Here we may leave the question of translation, without attempting for the present to decide whether muqtar refers to the smoke of incense or of sacrifice, as we have for the present left the question whether minhah refers specifically to a grain offering or not. In any case, all the terms of the passage are strictly sacrificial. Almighty God declares through His prophet that He will not receive the polluted sacrifices of the Aaronic priesthood, for from the rising of the sun to the going down thereof, that is, throughout the whole world, His Name is great among the Gentiles, and a pure sacrifice is offered to His Name.

What is this pure offering? Are the Prophet's words to be understood literally of the time of speaking? of offerings made at the very time when Malachy wrote? Various explanations have been put forward on the assumption that such is the meaning. First, there is the theory advocated, for example, among the Jews, by the celebrated Rabbi Isaac ben Abraham, and among rationalists by Wellhausen, namely, that the pure oblation Yahweh now regards with favour is identical with the sacrifices offered by the non-Jewish races to their supreme gods, by the Romans to Jupiter, by the Greeks to Zeus, by the Persians to Ahura Mazda. These races may never have identified their supreme deity with the one true God worshipped by the Jews; but inasmuch as the nations paid cult each to a supreme being, they were paying unconscious worship to Yahweh.

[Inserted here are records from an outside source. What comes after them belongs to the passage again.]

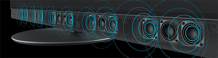 ▲多数のスピーカーユニットを前向きに並べることで、解像感の高いクリアな音と厚みのある音を実現した ※画像はTV-65Z95Bのものです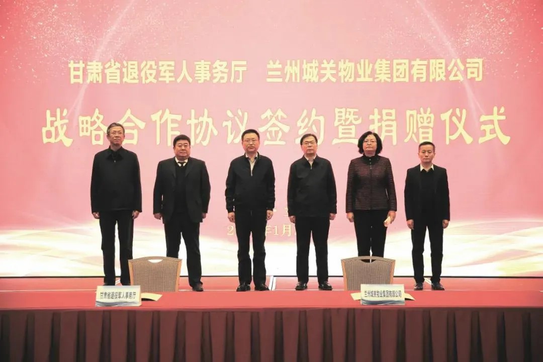 社會尊崇,愛滿人間。為深化雙擁共建,關愛退役軍人,甘肅省退役軍人事務廳與蘭州城關物業(yè)集團戰(zhàn)略合作協(xié)議簽約暨捐贈儀式在省城寧臥莊賓館舉行。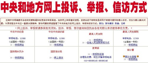 根据上半年中央明确要求各级政府要畅通和拓宽信访举报渠道,加快网上举报建设进程的精神,新华网廉政频道整理了中央和地方的网上信访、举报和投诉方式,截至目前群众反响热烈,收效明显。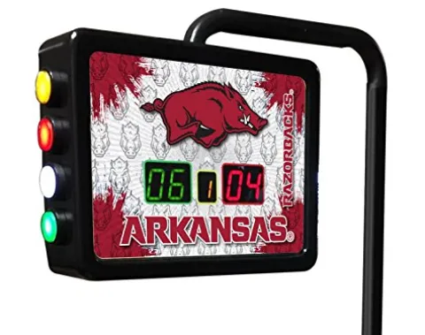Elevate your game room with the Holland Bar Stool Co. Arkansas Electronic Shuffleboard Scoring Unit. This officially licensed unit boasts vibrant, digitally printed full-color graphics that proudly display your team spirit. The intuitive color-coded push button counter allows for effortless two-player scoring and game tracking, making every match fun and competitive. Its compact yet functional design features a scoring unit sized at 15 inches wide by 11.5 inches high, with a support that extends 51 inches tall, perfectly positioning the unit over the playfield. Easily adaptable for various games, the mounting plate attaches directly to the game’s side, ensuring stability and convenience. Complete with four shims for custom adjustments, this scoring unit is the perfect addition for avid shuffleboard enthusiasts and dedicated sports fans.
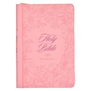 KJV Pink Floral Faux Leather Flexcover Deluxe Gift Bible With Zip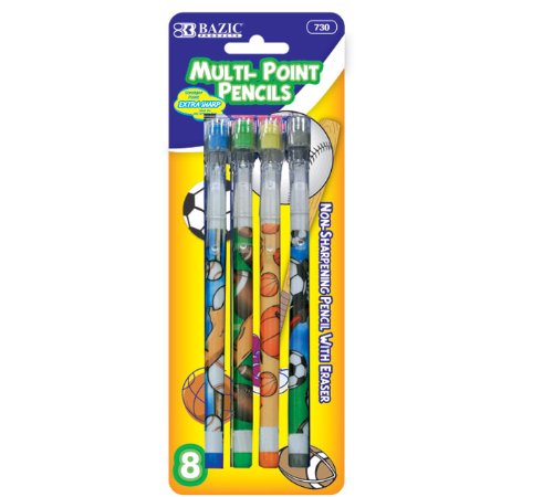 BAZIC Sports Push-A-Point Pencil, Assorted, 8 Per Pack

Against this syncretistic view there is the grave difficulty that it is entirely against the spirit of the Old Testament. The people of Israel were warned to take no part in the worship of the peoples around them, for, in the words of the Psalmist (Ps 95(96):5) "all the gods of the Gentiles are devils." And St. Paul is speaking in entire accord with Jewish tradition when he writes to the Corinthians (1 Cor 10:20): "The things which the heathen sacrifice, they sacrifice to devils, and not to God" (cf. Deut 32:17). Moreover, Malachy himself is far from showing this toleration of foreigners. His book opens with stern words about the Edomites; and he rebukes marriages with non-Jews precisely because they worshipped strange gods: "Juda hath trangressed, and abomination hath been committed in Israel and in Jerusalem: for Juda hath profaned the holiness of the Lord which he loved, and hath married the daughter of a strange god " (Mal 2:11). Moreover, Almighty God says: "My Name is great among the Gentiles"; and if stress may be laid on the "Name," it is far from true that the name of Yahweh was great among the Gentile nations. For the most part it was not even known.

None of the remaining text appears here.